(Provided by @dearmoonproject x SpaceX)

A Victoria man is vying for a chance to be on the first of eight on a civilian flight to the moon.

Japanese billionaire and fashion designer Yusaku Maezawa is offering a free trip to fly the lunar orbit in collaboration with Elon Musk and SpaceX.

Maezawa launched the ‘dearMoon’ mission on Tuesday with the hopes of bringing eight people, with a focus on artists, that must fulfill a criteria of two things.

Brett Andersen, a restaurant manager in Victoria, said he fulfills the criteria.

In a video posted to his Instagram, Andersen details the criteria which Maezawa will choose the recipients, and why he fits the bill.

“The first criteria is to push the envelope of whatever it is I love to do […], the second one is to support the rest of the crew on their aspirations while we go on this adventure,” said Andersen in his video below:

Andersen is an adventure photographer and videographer and has been in the hospitality industry for over 15 years.

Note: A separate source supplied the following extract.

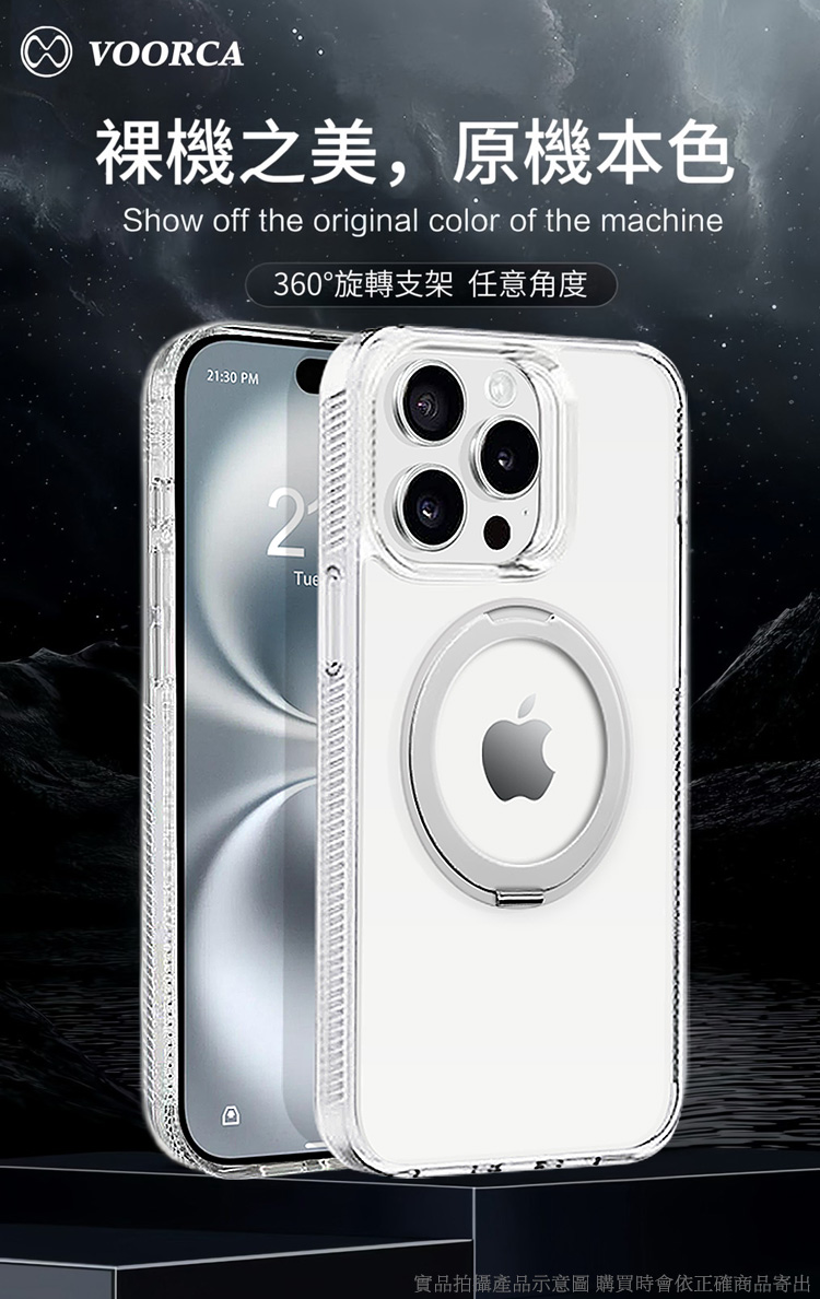 VOORCA iPhoone 17 Air 豔星磁吸360度立架全透明軍規保護殼-黑

But this isn’t the first time Andersen has tried going into orbit.

In 2015, Andersen made it through a global contest that would have seen him board the first civilian flight on Sir Richard Bransen’s Virgin Galactic.

The shuttle he was supposed to board ended up crashing.

This is his second chance, even if the circumstances are different.

“For Branson, I submitted a minute video which won both nationally and globally – that’s how I stood out. But for this, it’s just a basic application and raffle,” said Andersen.

The video Andersen posted is a way to put him on Maezawa’s radar.

“The more people who watch it, the more people can ‘like’ it and tag Yusaku,” said Andersen.

A trip like this is once in a lifetime, and it’s rare for someone to have gotten one chance, let alone the possibility of a second.

For Andersen, the adventure once again aligns with his core values of freedom and adventure, and it’s a way for him to reawaken the wanderlust that’s been more dormant since the COVID-19 pandemic began.

“When it comes to space, there’s something so special about looking down on earth. I’m so used to looking up to clear my head and mind that to be able to look down would be a dream,” said Andersen.

“[The trip] it’s like a cheat code to enlightenment.”